Dergi binamızın tadilatına yardım etmek için başka şehirden biz çağırmadığımız halde gelenler oldu. Hatta Gaziantep'ten bir arkadaşımız geldi. Ben bir işi olduğu için geldiğini zannettim ama sadece yardım etmeye gelmiş. Cemaatimiz adına çok sevindim, ama onun adına daha çok sevindim. Ne güzel… Allah'ın yardımcısı olmak istemiş, kalbinde sevap arzusu varmış. Biz böyle bir nesil olmalıyız. Çocuklarımızı da sevap arzusuyla yetiştirmeliyiz. Peygamberimiz bir gün ashabıyla savaşa giderken at sayısı az olduğu için ata sırayla biniyorlarmış. Ashab önce Peygamberimizi bindirmiş biraz sonra Peygamberimiz inmek isteyince yanındakiler: “Ya Rasulallah sen inme. Sen Rasulullahsın hem de bizden yaşlısın. Senin inmene gerek yok biz yürürüz” demişler. Efendimiz: “Benim de sevaba ihtiyacım var. Ben de ayaklarımın Allah yolunda tozlanmasını istiyorum” buyurmuş. Yine bir başka hadiste Efendimiz: “Allah yolunda ayakları tozlanan kula cehennem ateşi dokunmaz”6 buyurmaktadır. Sahabe, ayaklarımız Allah yolunda tozlansın anlayışıyla yetişti. Peygamberi eğitim sahabe neslini bu şekilde eğitti.

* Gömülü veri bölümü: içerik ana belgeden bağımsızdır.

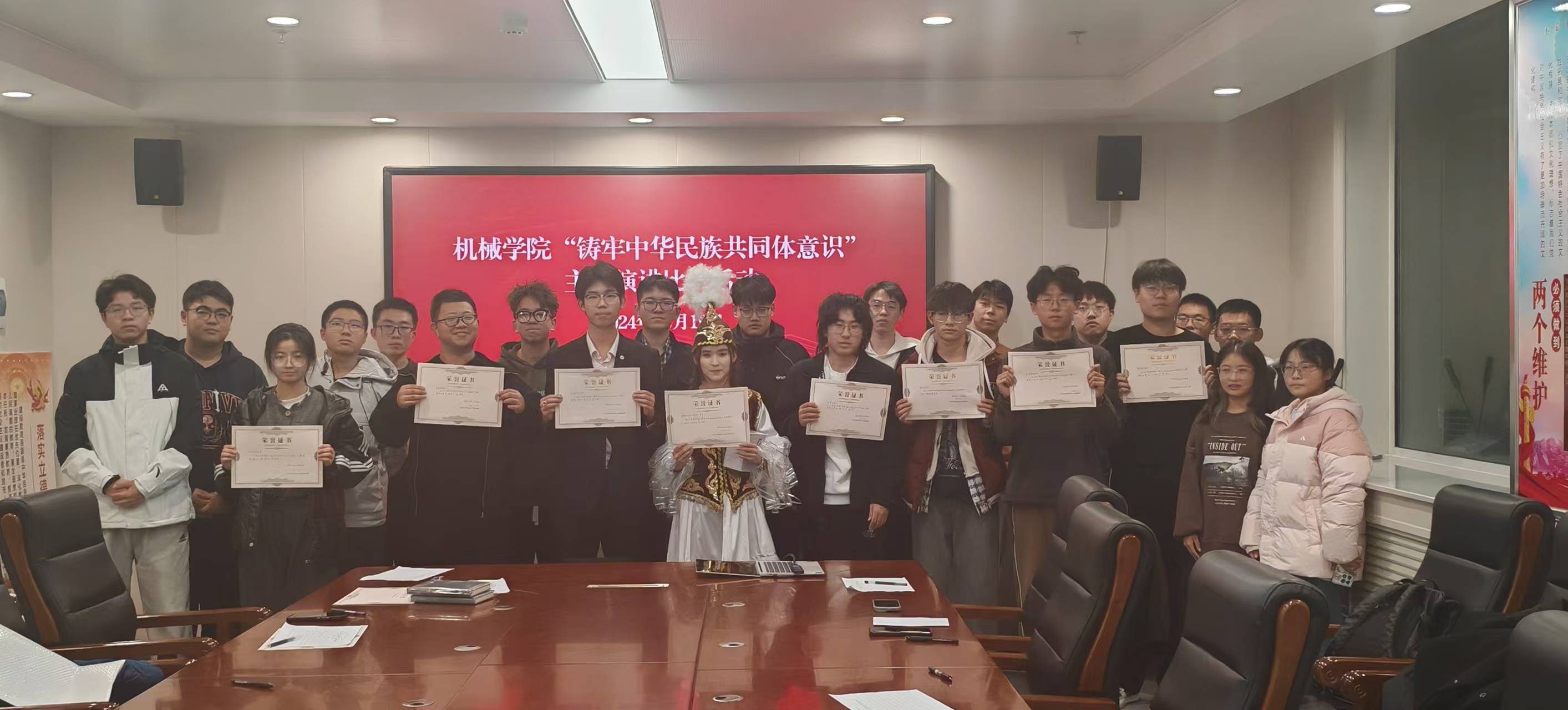 选手演讲后,评委对作品做出讲评,并给出反馈和建议。所有选手演讲完毕后,由组织部部员进行公开公平公正的汇总核分。之后由赵孟泽宣布比赛结果,颁发奖品与证书。随后沈渤然做活动总结,鼓励同学们为民族团结进步事业注入青春活力。最后参赛选手与各位评委以及工作人员合影留念。机械学院“筑牢中华民族共同体意识”主题演讲比赛活动圆满结束。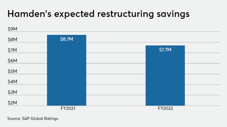 Moody's Investors Service in December downgraded Hamden to Baa3, the lowest investment grade rating, from Baa2, while retaining a negative outlook.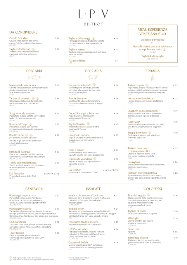 ItalianMeat CuisineMediterraneanSeafoodVegan cuisineVegetarianVenezianoEuropeanVenetianBistroCreativeGood for familiesWith friendsGluten freeVegan dishesVegetarian dishesAmerican ExpressWheelchair AccessibleWifi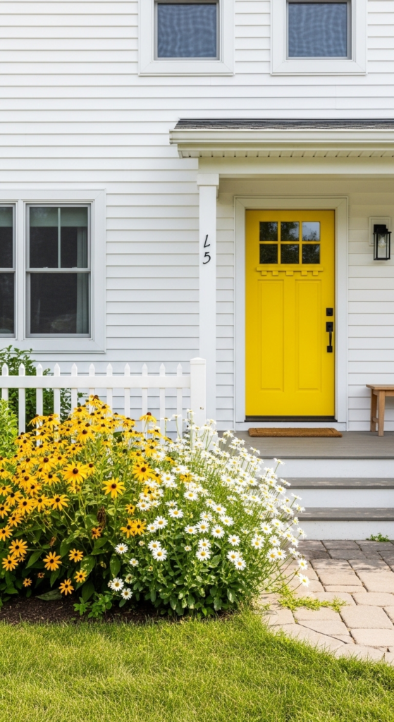 A cheerful yellow front door on cotton white siding — sunny, charming, memorable.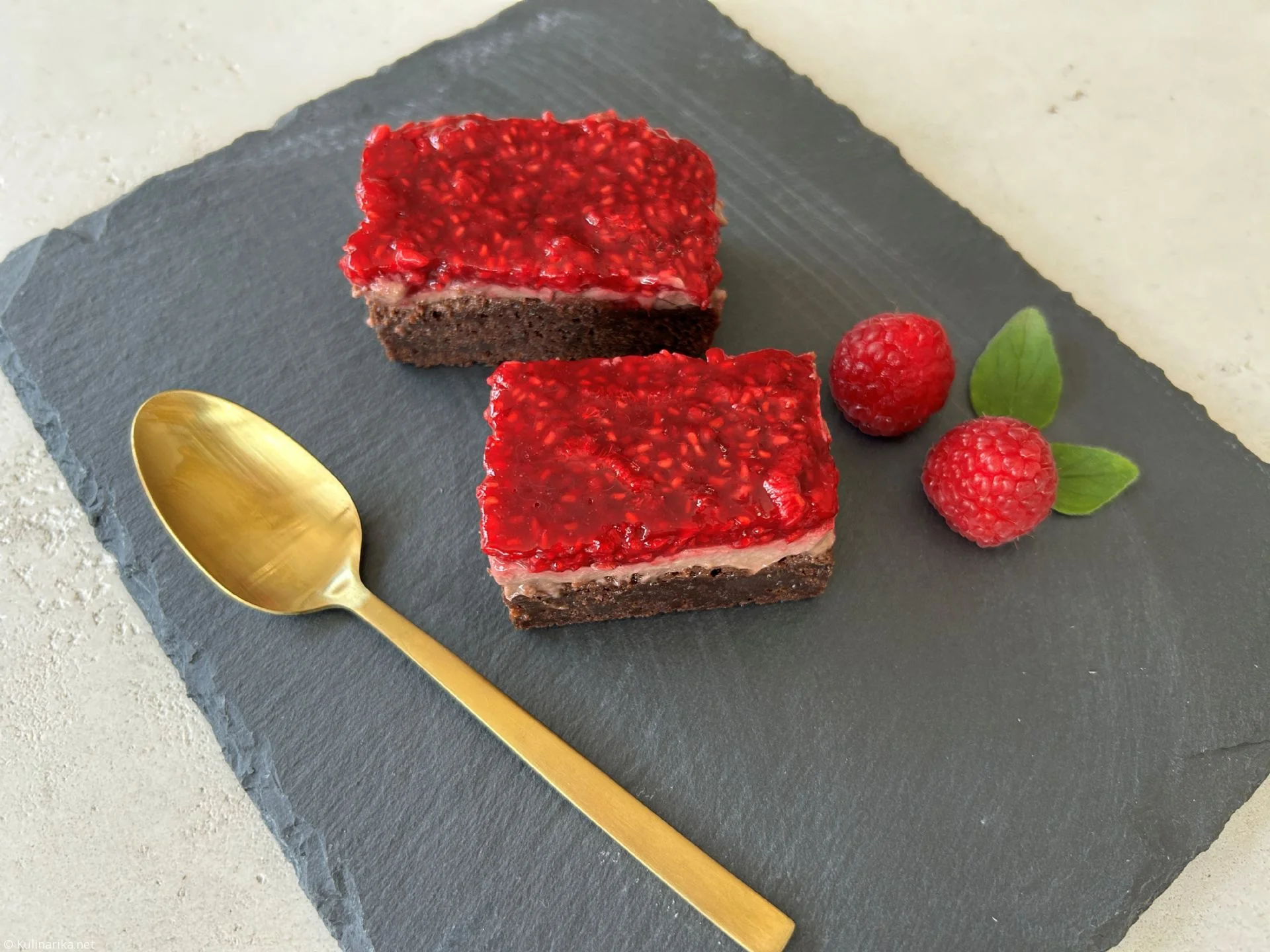 Slastnen čokoladni brownie, kateremu smo za še intenzivnejši okus dodali kremast puding, za piko na i pa malinov preliv, ki vse skupaj popolno zaokroži.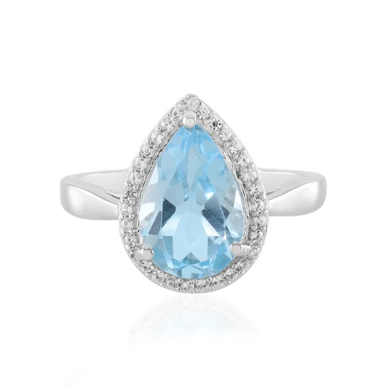 Entdecken Sie die unverfälschte Eleganz dieses Rings mit einem Gesamtgewicht von 3,287 Karat und einem bezaubernden himmelblauen Topas aus Brasilien, der meisterhaft in Tropfenform geschliffen wurde, um seinen strahlenden Farbton zu betonen. Umgeben von einem Halo aus funkelnden Zirkonen aus Kambodscha, verspricht dieser Ring aus 925er Sterlingsilber mit Platinbeschichtung eine luxuriöse Ergänzung Ihrer Kollektion. Ideal für elegante Abende oder als raffiniertes Accessoire für den Tag ist dieser Ring ein Fest des Stils und der Anmut.

Allah’ın verdiklerine karşılık ödediğimiz bedeli çok ucuz buluyorum. Bir milyonluk bir taksi 100.000 liraya verilse ucuza verilmiş olmaz mı? Ben de öyle hissediyorum… Bir verilenlere bakıyorum bir de ödediğimiz bedele bakıyorum ödediğimiz bedel çok az geliyor. Hakikaten Allah çok kerim ve cömert... Şükretme durumundayız.  Kur’an-ı Kerim: “Eğer şükrederseniz artırırım”7 buyuruyor. Şükredelim ve kendimizi muzaffer görmeyelim. Zafer Allah'tandır. Yine Kur’an-ı Kerim: “Attığın zaman sen atmadın, Allah attı”8 buyurmaktadır. Düşmanlarımız bizi hesaba kattılar, Allah’ı hesaba katmadılar. Hata ettiler çünkü arkamızda Allah vardı. Kafirin hiçbir zaman hesabında Allah yoktur, onlara benzemeyelim. Onlar bizi hesaba katıyor, biz de kendimizi hesaba katmayalım. Kendi gücümüz kadar cesur olmayın Allah'ın gücü kadar cesur olun, onun gücü sonsuzdur. Madem arkanda Allah var o zaman cesur olacaksın, O kulunu yardımsız bırakmaz.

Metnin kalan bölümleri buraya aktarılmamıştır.